Mexican Hat Wavelet Transform Source Code

Resource Overview

MATLAB implementation of Mexican Hat wavelet transform with detailed algorithmic explanations

Detailed Documentation

This is the complete source code for Mexican Hat Wavelet Transform, developed in MATLAB environment. The Mexican Hat Wavelet Transform is a powerful signal processing technique used for signal analysis and processing. The core implementation involves convolving the input signal with the Mexican Hat wavelet function, which is defined mathematically as the second derivative of the Gaussian function. The characteristic shape of this wavelet resembles a Mexican sombrero, hence its name. Key implementation features include: - Wavelet scaling and translation operations - Convolution algorithms for efficient signal processing - Frequency domain analysis capabilities - Multi-resolution signal decomposition The transform finds extensive applications across various domains including image processing (edge detection, feature extraction), speech processing (pitch detection, formant analysis), and biomedical engineering (ECG signal analysis, medical imaging). This implementation provides a robust foundation for wavelet-based signal analysis with configurable parameters for scale selection and resolution control.
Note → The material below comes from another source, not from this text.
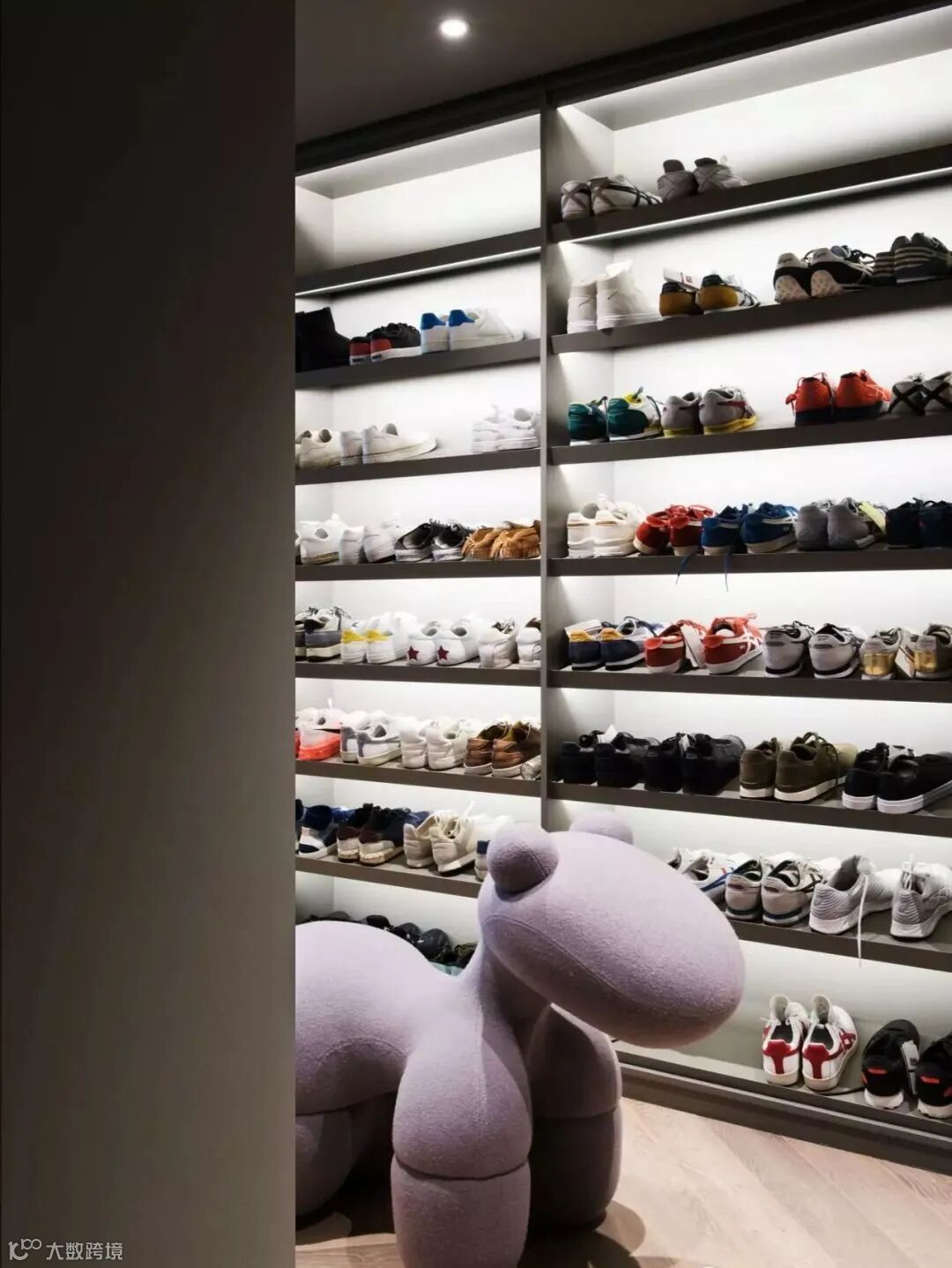 里面的衣物鞋帽都摆放得井井有条,其间的焦糖色与走廊、卧室的蘑菇色形成不同层次,温柔而安静。

The source code includes main functions for: 1. Wavelet generation using the mathematical formula: ψ(t) = (1-t²)·e^(-t²/2) 2. Signal convolution methods with optimized computational efficiency 3. Scale-space representation visualization 4. Inverse transform capabilities for signal reconstruction This codebase serves as a comprehensive reference for researchers and engineers working with wavelet transforms, offering both educational value and practical implementation ready for integration into larger signal processing systems.